Over 2,000 years old, the Great Wall of China remains one of the great wonders of the world, an engineering feat rarely matched in the 22 centuries since its construction began. Stretching 4,500 miles, from the mountains of Korea to the Gobi Desert, it was first built to protect an ancient Chinese empire from marauding tribes from the north. But it evolved into something far greater, a boon to trade and prosperity and ultimately a symbol of Chinese ingenuity and will.

The Great Wall is actually a series of walls built and rebuilt by different dynasties over 1,000 years. And while they often served the same purpose, these walls reflected the worlds, both natural and cultural, in which they were erected. The Great Wall is an emblem of China's evolution.

The project began under the tyranny of Qin Shihuangdi in the Qin Dynasty, in 221BC. Older, ruined walls were already there, but were broken into separate pieces here and there in Northern China. With both forced and conscripted labor, the old walls were restored and a new, continuous wall created. The goal was a 3,000-mile-long fortification meant to protect China's northern frontiers against attack by marauding nomads. Much of the forced labor came from exiled scholars and philosophers, most of them died there. This made the Qin Emperor extremely unpopular.

With the fall of the Qin Dynasty, the wall fell into centuries of neglect. China's northern frontiers were at the mercy of fierce outsiders known as the Xiongnu. After 70 years of war, the Xiongnu were crushed once and for all. With this victory by Han Wu-Di, the greatest of the Han Dynasty emperors, came a westward expansion into the wilderness of Central Asia. To protect that border Wu-Di began China's second great campaign of wall building. His engineers restored the crumbling Qin wall and extended it 300 more miles across the forbidding Gobi Desert. With Central Asia under Han control, safe caravan routes - the legendary Silk Roads - were established, opening China to the commerce and culture of the Western world. Traders from Rome, Antioch, Baghdad and Alexandria trekked eastward to deal in jade, gold, spices, horses, precious gems and of course, silk.

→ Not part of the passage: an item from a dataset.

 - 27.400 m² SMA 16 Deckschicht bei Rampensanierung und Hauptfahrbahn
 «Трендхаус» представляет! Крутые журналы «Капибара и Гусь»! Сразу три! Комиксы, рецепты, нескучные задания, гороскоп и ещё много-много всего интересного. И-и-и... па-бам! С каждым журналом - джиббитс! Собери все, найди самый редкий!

The Han also added beacon towers to the Wall, spaced 15 to 30 miles apart. Columns of smoke were used to warn defenders of an attack. One smoke column meant an outpost was being threatened by a force of fewer than 500 troops, two columns meant an attacking force of fewer than 3,000.

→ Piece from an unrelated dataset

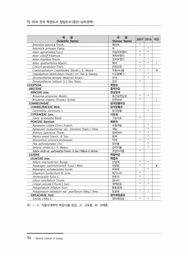 2016 전국 특정도서 정밀조사 옹진-남부권역 84 ? National Institute of Ecology 학 명 Scientific Name 국 명 Korean Name 2007 2016 비고 Artemisia japonica Thunb. 제비쑥 * Artemisia princeps Pamp. 쑥 * Aster ageratoides Turcz. 까실쑥부쟁이 * * Aster cilio년 Kitamura 개쑥부쟁이 * Aster hispidus Thunb. 갯쑥부쟁이 * Aster spathulifolius Maxim. 해국 * * Ⅰ Cirsium pendulum Fisch. 큰엉겅퀴 * Crassocephalum crepidioides Benth. S. Moore 주홍서나물 * * 귀 Crepidias...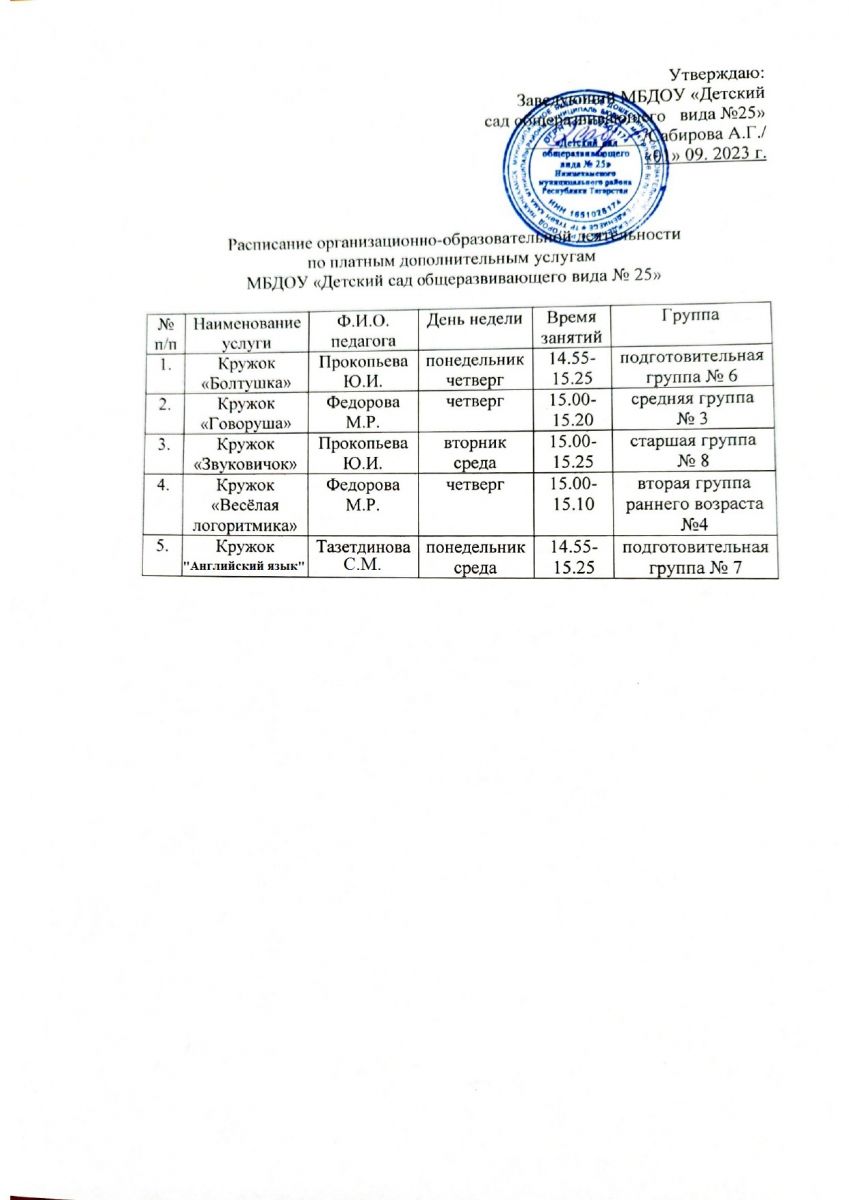 Приказ об утверждении перечня платных услуг в дошкольном образовательном учреждении

The greatest of all wall builders were the ones in the Ming Dynasty, whose astounding accomplishments dwarfed what had been done earlier by the Qin and the Han. The Ming not only built more wall than any other dynasty, but theirs was also bigger, longer, more ornate and more imposing. Coming out of the Mongol occupation (Yuan Dynasty), the Chinese were eager to protect themselves from further attack from the Northern tribes.

The Ming wall was built of a tamped earth interior encased in a facing of kiln-fired brick, pushing wall-building technologies to the limit. The Ming wall snakes acrobatically across some of China's most forbidding terrain, rising in places at an angle of 70 degrees. Such dramatic engineering wouldn't have been possible without the Ming's advanced brick-making technology. At a time when European builders were still relying upon cumbersome cut stone, the Ming were using state-of-the-art kilns to mass produce bricks, which were as strong as modern-day masonry blocks.

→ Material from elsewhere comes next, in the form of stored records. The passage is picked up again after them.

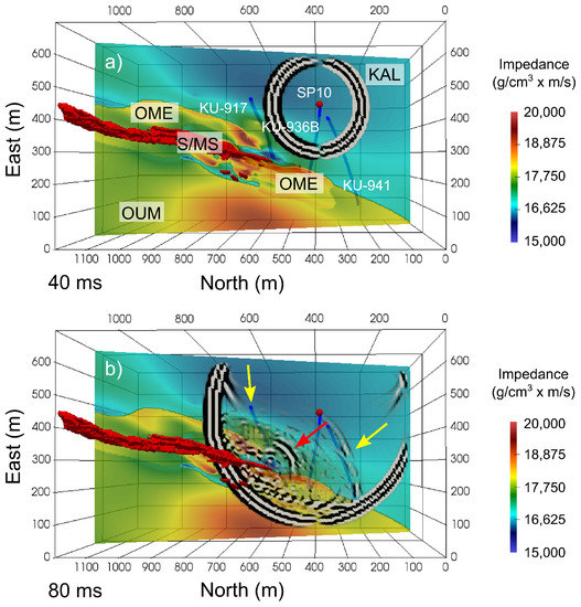 A selection of synthetic shot records obtained form the simulation is shown in Figure 8. In combination, the synthetic data and snapshots reveal that the first strong signal that is recorded by the VSP receivers (yellow arrow in Figure 7 and Figure 8) originates not directly from the target S/MS deposit, but from the contrast between the Kaleva sediments (KAL) and the Outokumpu alteration fringes (OME). The sulfide reflection (red arrow in Figure 7 and Figure 8) appears later in the synthetic shot record and is more difficult to identify than the previous one. These observations help in guiding the geological interpretation of the migrated shot records.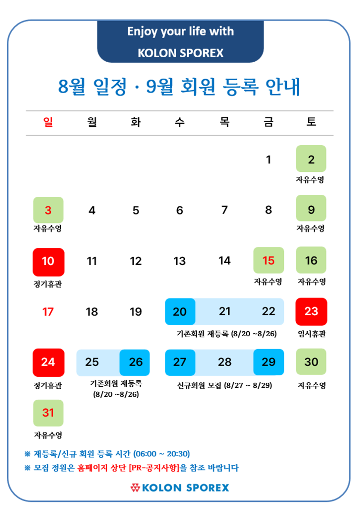 ∙ 기존회원 재등록 : 8월 20일(수) ~ 8월 26일(화)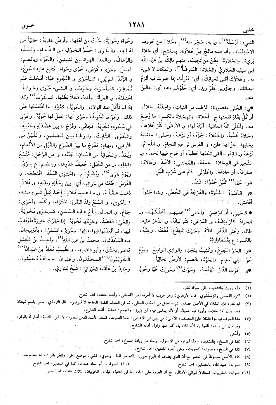 وأرضٌ خاوِيَةٌ: خالِيَةٌ من أهْلِها.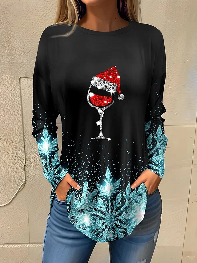 Women’s T Shirt Tee Christmas Shirt Red Blue Purple Snowflake Wine Glass Rhinestone Print Long Sleeve Party Christmas Weekend Festival / Holiday Christmas Round Neck Regular Fit Painting Spring
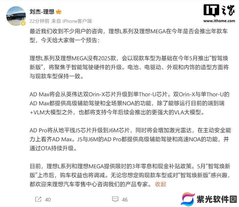除了产品升级信息外,刘杰还透露了关于购车政策的调整。目前,理想L系列及理想MEGA车型正提供限时3年0息贷款和现金补贴政策。然而,随着“智驾焕新版”的上市,这些购车权益将有所调整,消费者需密切关注理想汽车的官方公告。
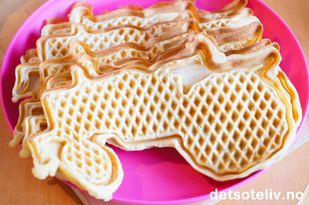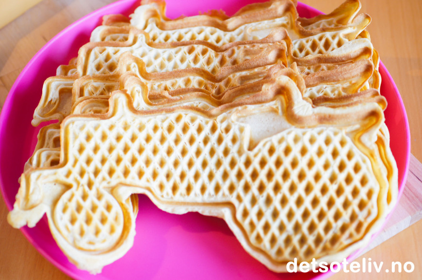 Oppskriften er nå testet, og ga både veldig gode og veldig kule vafler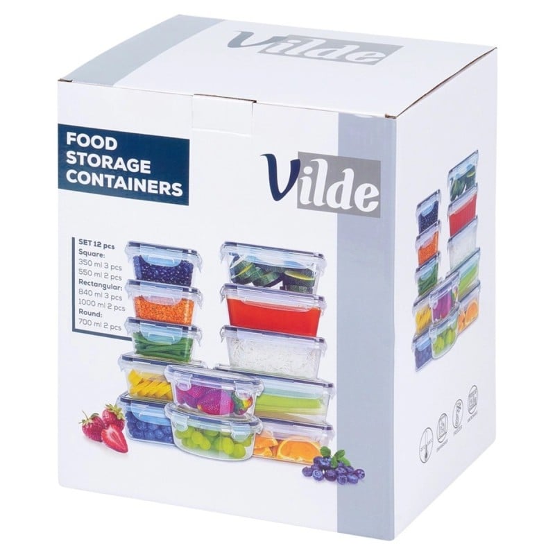 Zestaw 12 pojemników na żywność marki Vilde to praktyczne rozwiązanie do codziennego przechowywania i transportu jedzenia. Pojemniki wykonane są z wytrzymałego, przezroczystego tworzywa, które nie wchodzi w reakcję z żywnością i pozwala szybko sprawdzić zawartość bez otwierania.

In recent years, the Great Wall has been slowly chipped away by people who need stones to build houses. As useless as the Great Wall is now in modern times, it is still a symbol of pride in China. Today, old, crumbling sections of wall are allowed to be dismantled, while the newer walls, built in the Ming Dynasty, are kept in condition, because it is a national relic, as well as bringing in plenty of (of course) tourist money.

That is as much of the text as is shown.